To be fair it’s a little unfair to call it the John’s Hopkins University dashboard when a graduate student (Ensheng Dong) built it for or with Professor Lauren Gardner, a civil and systems engineering professor.
Also I have to give a shout out to Splunk. They tend to be known for over-priced proprietary data quicksand, yet they’ve very nicely announced removing their usual red flags by offering an app via github for COVID-19 data.
While we will continue to expand our app and add features, we understand that others have their own ideas of how to visualize this data. Feel free to clone this app and create your own version, or get in touch with us… to collaborate and submit data and visualizations that you think others may find useful in the publicly available app.
There’s just a little problem. Can you understand this chart?
It reminds me of this old National Geographic chart of “Vaccine Victories” but gone completely wrong.

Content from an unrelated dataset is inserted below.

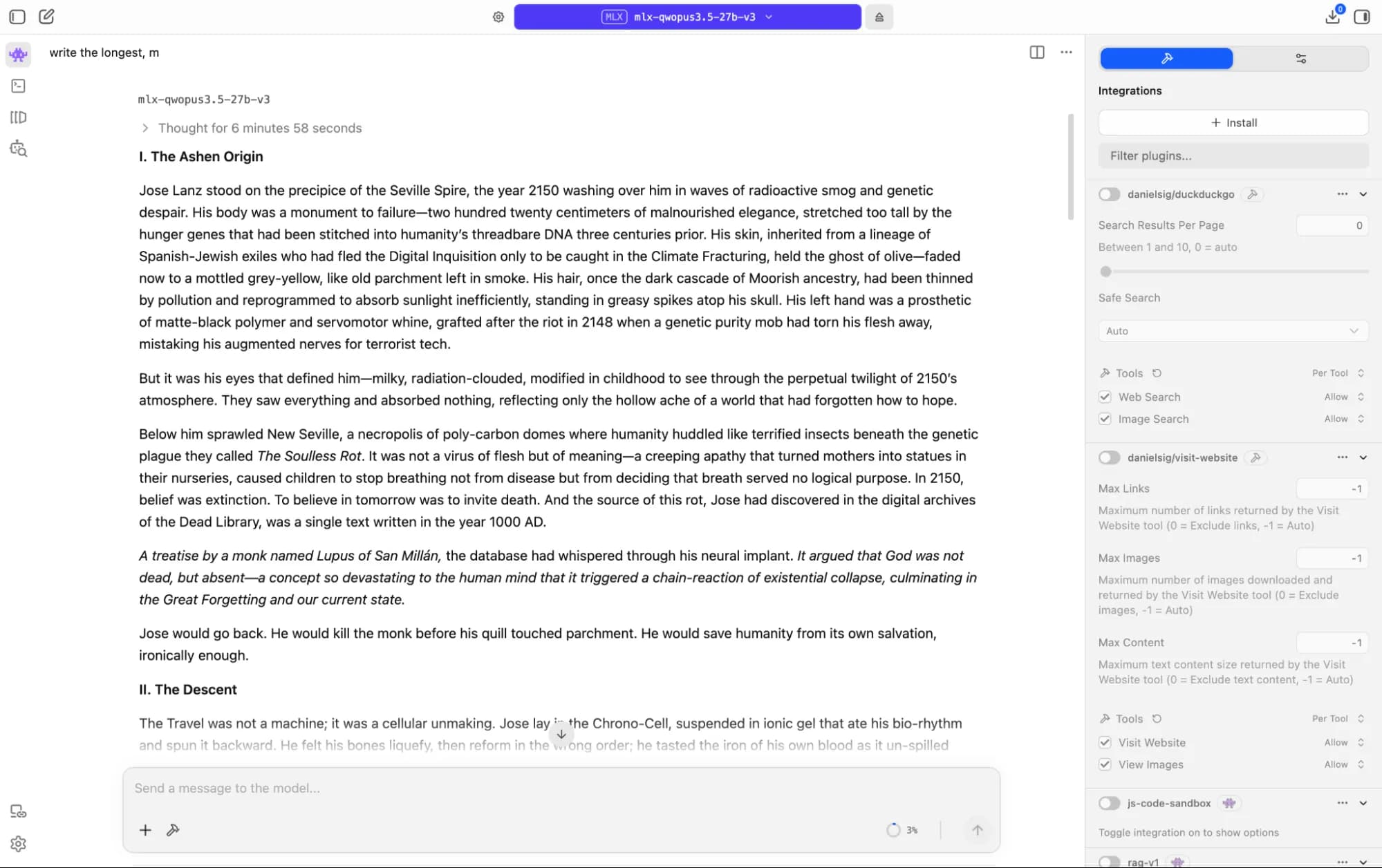 We asked the model to write a dark sci-fi story set between 2150 and the year 1000, complete with a time-travel paradox and a twist. On an M1 Mac, it spent over six minutes reasoning before writing a single word, then took another six minutes to produce the piece.

Hate to be cynical in the face of a gift horse, yet that default visualization for a flagship dashboard is so illegible… no wonder they’re giving it away and asking for community to do better. It just maybe is why they’re pushing the general public to post ideas.
By the way, does anyone really want to use “Day 62.5” in a chart?
Second, the Best.
Singapore is unquestionably the best national site. It baffles me why the US federal government couldn’t grab Kibana and put this together in a week at most.
The first cases come around January 20th and growth is contained. It’s all very easy to see, and they offer numerous ways to pivot the data by demographics and region over time. It’s so good, I just imagine a competent White House would have had a same or better one by end of January at the latest.
On a more local level, and also in the US, Washington State Hospital Association has posted a fascinating new map by Albert Froling using Tableau.
The “testings” donut on the lower right is my favorite widget, although it tells us 8% of tests are positive when we really should want to know what percentage of the total population has been tested and when. Anyway, the whole thing feels masterful after playing with so many bad examples.
Meanwhile the White House is attacking Washington state leaders using cheap name-calling and jealous taunts.
In remarks that many found confounding and frightening, [White House occupant] described the governor of Washington state as a “snake”, praised his own expertise and falsely claimed that anyone who wants a coronavirus test can get one. Pence was later forced to correct this.
It only stands to reason that the federal and Washington state visualizations of virus test results are complete opposite ends of the spectrum.
Third, the Tactical.
Washington Post has done a great job capturing and applying the classic contagion lessons of big data visualizations.
They’ve taken the vaccination simulations, everyone knows all too well in visualization templates and games to learn from, and made an extremely useful point about why social distancing action was needed immediately after the first cases were confirmed.
Perhaps even more importantly the above illustration shows why quarantines aren’t as effective as social distancing.
Due to incompetence of US government leadership, in same article you can see Jan 21 was the first confirmed case and distancing wasn’t started, tests were not being done at scale.
Let’s be honest here, it’s March 14 and they’re still not being done at scale. The White House only started to actually pay attention after financial markets reacted to the lack of reaction and crashed; by then it was far too late for effective early virus response, with the easily predictable exponential curve starting.
If the number of cases would continue to double every three days, there would be about a hundred million cases in the United States by May. That is math, not prophecy.
China is right now counting about 81,000 cases, for perspective.
Now let’s go back up and marvel again at how math is driving the Singapore dashboard, and the very clear and transparent fact that they have a flat line instead of an exponential curve.